Nous ne sommes pas entrés dans tous les détails
des crimes sexuels et autres violences meurtrières ordinaires.
Juste quelques horreurs récentes et récurrentes
qui ont défrayé la chronique. Qu'est-ce que cela
indique ? Que la société mauricienne est malade,
gravement malade. Et qu'il y a urgence à agir. Avant qu'il
ne soit trop tard. Dans cette avalanche de nouvelles scabreuses,
une décision de la justice nous réconforte quand
même. Le juge Paul Lam Shang Leen a utilisé les amendements
de 2003 sur le viol en réunion pour infliger 24 ans au
violeur en chef de Flic en Flac et 22 ans aux autres participants
actifs à cette abomination. Comme quoi, cela nous rappelle
qu'il y a déjà les lois et qu'il suffit de les appliquer.

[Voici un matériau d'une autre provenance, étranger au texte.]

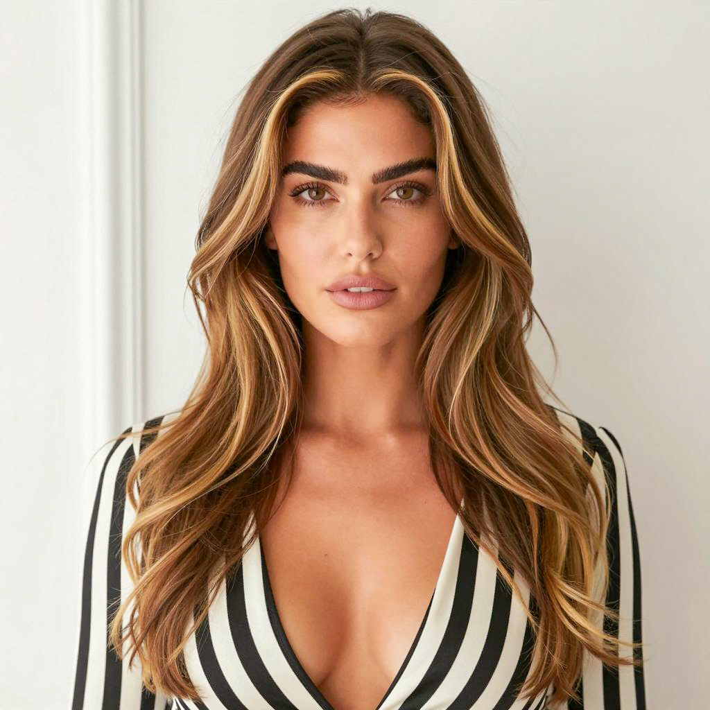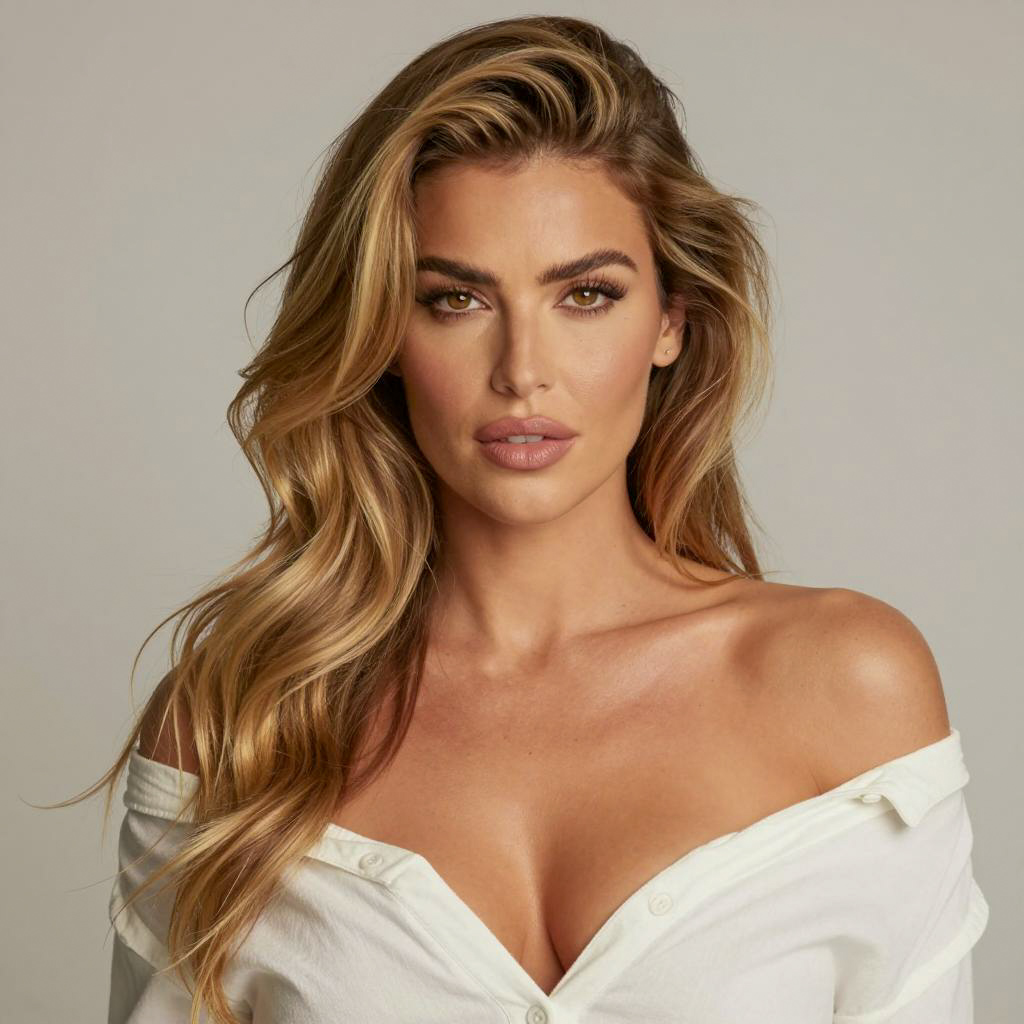 Elegant Woman Posed on White Couch

Cela ne veut pas dire que tout est parfait et qu'il ne faut pas
revisiter nos textes. Les lois doivent suivre l'évolution
de la société. Mais cela dit, ce serait une grave
erreur que de croire que seules les lois empêcheront la
montée des délits et les atténueront. Le
mal est plus profond. Les Mauriciens sont confrontés depuis
quelques temps déjà à un choc de civilisation,
à un saut non maîtrisé dans la modernité.
La culture de l'image a envahi tous ls compartiments de la vie.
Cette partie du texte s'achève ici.